O castrismo justamente por isso, por ser neoarcaico, desperta a nostalgia da esquerda realmente existente e, ao mesmo tempo, revela seu caráter totalitário: enfim, o que chamamos de “esquerda” não é fruto dos grandes movimentos revolucionários do século passado, mas a herança dos partidos e governos que liquidaram esses movimentos e essas lutas: a esquerda não vem de rebeldes e criadores, mas dos julgamentos de Moscou, burocracias partidárias, o Gulag, seitas fanáticas, intelectuais petulantes, os manuais e os dirigentes amados: sua religião é o governo absoluto personificado em um líder indiscutível, além da necessidade de mostrar que representa alguém ou serve a outra coisa que não a seus próprios fins. A simpatia por Putin e pela teocracia iraniana já mostra o caráter de esquerda, mas é preciso lembrar que, no “DNA” dessa cultura está o castrismo: o mais raro marxismo do mundo – que não fala do proletariado ou da classe trabalhadora mas de “povo” nos mesmos termos de Franco e Mussolini – que contrabandeiam as ideias autoritárias mais tradicionais sob o pretexto de serem “antiimperialistas”: há militarismo mais agressivo, mais opressor e orwelliano do que o “comandantismo” cubano que reduz todos cubanos a soldados obedientes em uma guerra eterna? O falanstério tropical cubano, com suas festas, turistas e intelectuais bajuladores, sempre foi a imagem mais sedutora do totalitarismo.

Embora fundamentalmente emocional, o apego a Cuba se justifica no bloqueio (o que não explica que as liberdades fundamentais dos cubanos tenham sido usurpadas), no sistema médico (altamente mitificado e cujo fracasso diante de Covid parece ser o estopim dos protestos) e essencialmente na ideia de que há uma estranha singularidade que justifica que os cubanos não possam ter liberdades que a esquerda elitista de Paris, Nova York ou Buenos Aires não aceitaria perder.

Para a esquerda – a maioria, a predominante, aquela que dá o tom, não aquelas lascas de dissidência pelas quais os ingênuos, mas bem-intencionados querem acreditar na “diversidade” – os cubanos são figurantes, objetos sexuais, objetos estéticos, empregados, cuja função é trazer-lhes mojitos e dizer “pátria ou morte, patroncito“, androides de estimação condenados a viver uma vida que nunca viveriam.
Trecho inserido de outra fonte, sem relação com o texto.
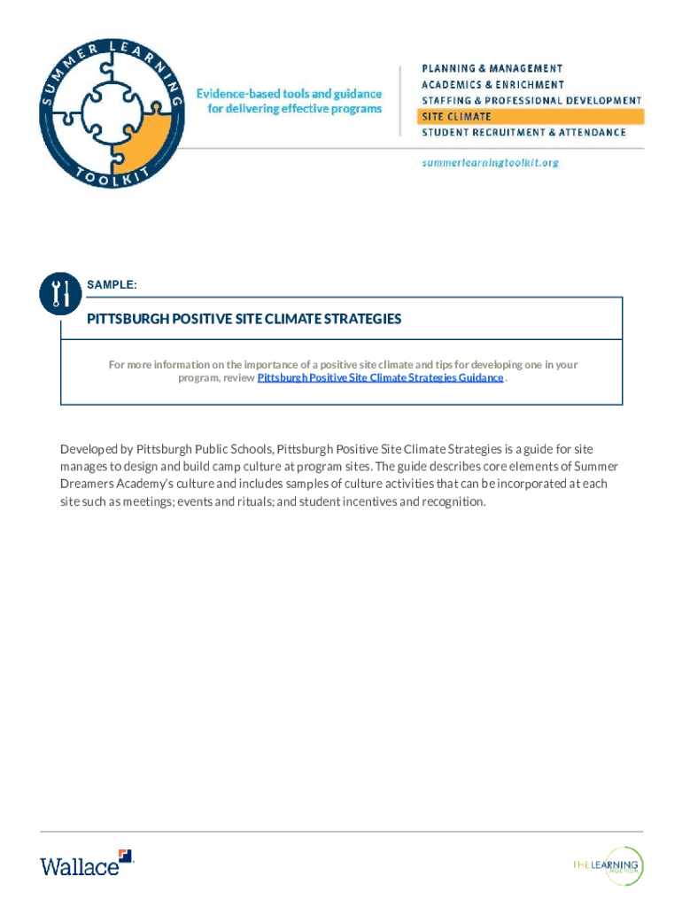 SAMPLE:PITTSBURGH POSITIVE SITE CLIMATE STRATEGIES For more information on the importance of a positive site climate and tips for developing one in your program, review Pittsburgh Positive Site Climate

Mas na verdade os cubanos são gente como nós: têm o direito de decidir qual o partido os governa (porque mesmo quando as opções são miseráveis, o fato de escolher afirma que ninguém é dono do Estado e que o cidadão comum tem a última palavra), têm o direito de formar sindicato e fazer greve, de protestar na rua, de escrever nos jornais, de denunciar o estado no tribunal, de enfrentar a polícia sem ser morto, de viver em cidades limpas com serviços públicos decentes, porque tudo isso, as liberdades, (que a esquerda chama de burguesas mas não aceitaria perder) definem a nossa dignidade e a nossa qualidade de vida e sem elas não é possível pensar em liberdades mais elevadas ou mais profundas: a democracia não se expressa no parlamentarismo e na tagarelice de merda, que a esquerda tanto ama, tampouco se expressa inteiramente no voto, que simplesmente limita o poder dos partidos, mas na capacidade de governar quem nos governa impondo uma direção e um horizonte.

E assim, os cubanos não fazem nada diferente do que faziam os colombianos há poucos dias ou os equatorianos e os chilenos há poucos meses: se a democracia ainda significa alguma coisa, é aquela capacidade constituinte de abalar os poderes instituídos, de criar a partir do comum, um novo horizonte de vida. Esqueçamos as ilusões de que Cuba é menos capitalista ou menos desigual que qualquer outro país do continente: Fidel não bebia cachaça e pescava marlim com García Márquez -e algum outro puxa-saco profissional- enquanto os cubanos sofriam o Período Especial?

Deixemos de pensar que a miserável política estadunidense justifica os Atos de Repúdio e os campos de concentração: todos sabem que um regime como o de Cuba não se justifica de forma alguma e os cubanos não têm que suportá-lo: não sabemos o que vai acontecer no futuro, e não há razão para acreditar que o castrismo cairá de um dia para o outro, mas o que aconteceu nestes dias é irreversível e devemos nos alegrar por isso: não há liberdade que reivindiquemos para nós a que os cubanos não têm direito e não há justificativa para quem os roubou.